-- WORK ITEM --
Lines from the line with "6 հոկտեմբերի 2005 թվականի N 1912-Ն" to the line with "Toimistokaappi kolmella ovella" in the entries below, and only those, must be output exactly, with both ends included.

-- RECORDED INFORMATION --
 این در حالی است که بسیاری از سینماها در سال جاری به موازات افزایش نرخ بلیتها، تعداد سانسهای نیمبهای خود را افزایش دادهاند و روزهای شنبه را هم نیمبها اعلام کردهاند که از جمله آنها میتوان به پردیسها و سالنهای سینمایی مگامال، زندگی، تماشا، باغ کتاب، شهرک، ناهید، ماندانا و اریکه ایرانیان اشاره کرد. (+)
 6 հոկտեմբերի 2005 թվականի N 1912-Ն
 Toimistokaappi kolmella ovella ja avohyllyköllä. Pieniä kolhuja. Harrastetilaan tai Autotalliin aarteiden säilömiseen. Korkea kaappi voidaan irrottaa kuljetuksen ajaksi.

--

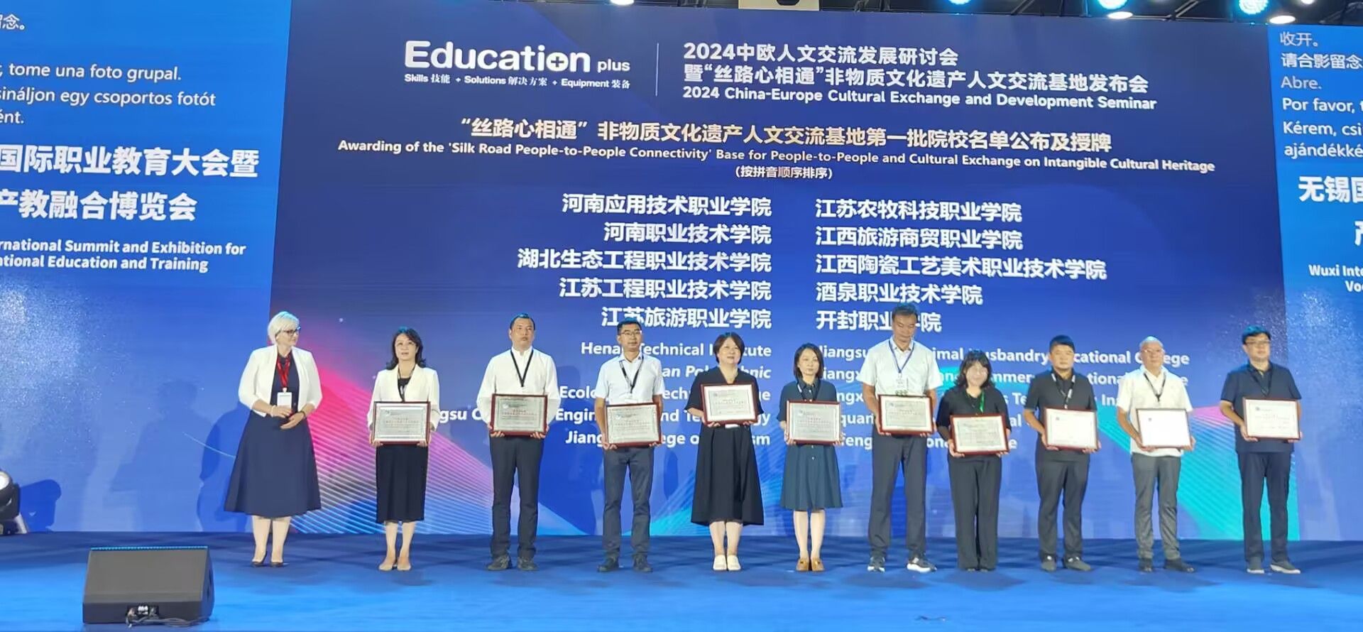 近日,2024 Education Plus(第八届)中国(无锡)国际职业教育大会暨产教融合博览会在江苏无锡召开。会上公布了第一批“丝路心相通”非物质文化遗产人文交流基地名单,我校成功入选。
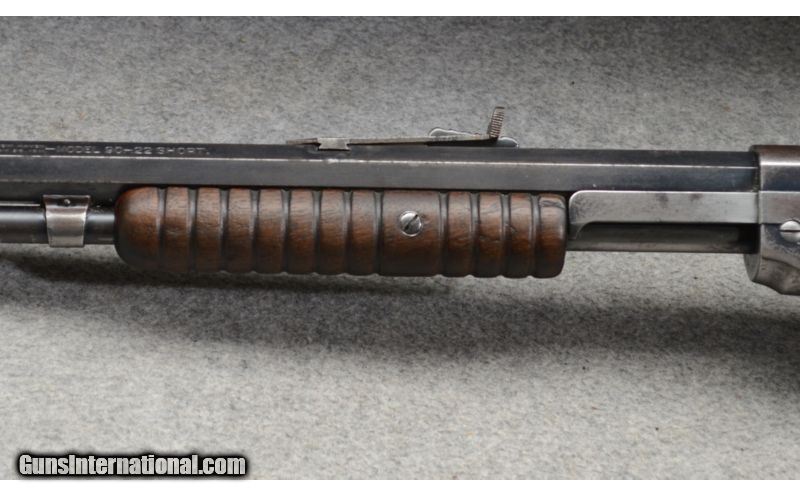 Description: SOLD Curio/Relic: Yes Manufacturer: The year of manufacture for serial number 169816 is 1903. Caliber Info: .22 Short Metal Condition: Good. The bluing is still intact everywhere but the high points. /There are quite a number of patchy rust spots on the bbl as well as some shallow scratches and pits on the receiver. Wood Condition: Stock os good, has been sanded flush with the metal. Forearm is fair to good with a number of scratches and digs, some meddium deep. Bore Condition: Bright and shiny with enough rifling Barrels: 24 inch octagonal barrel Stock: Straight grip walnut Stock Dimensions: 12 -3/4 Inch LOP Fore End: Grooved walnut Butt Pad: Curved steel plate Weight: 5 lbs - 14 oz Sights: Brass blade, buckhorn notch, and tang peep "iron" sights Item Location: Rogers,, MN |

-- ANSWER SPACE --
 6 հոկտեմբերի 2005 թվականի N 1912-Ն
 Toimistokaappi kolmella ovella ja avohyllyköllä. Pieniä kolhuja. Harrastetilaan tai Autotalliin aarteiden säilömiseen. Korkea kaappi voidaan irrottaa kuljetuksen ajaksi.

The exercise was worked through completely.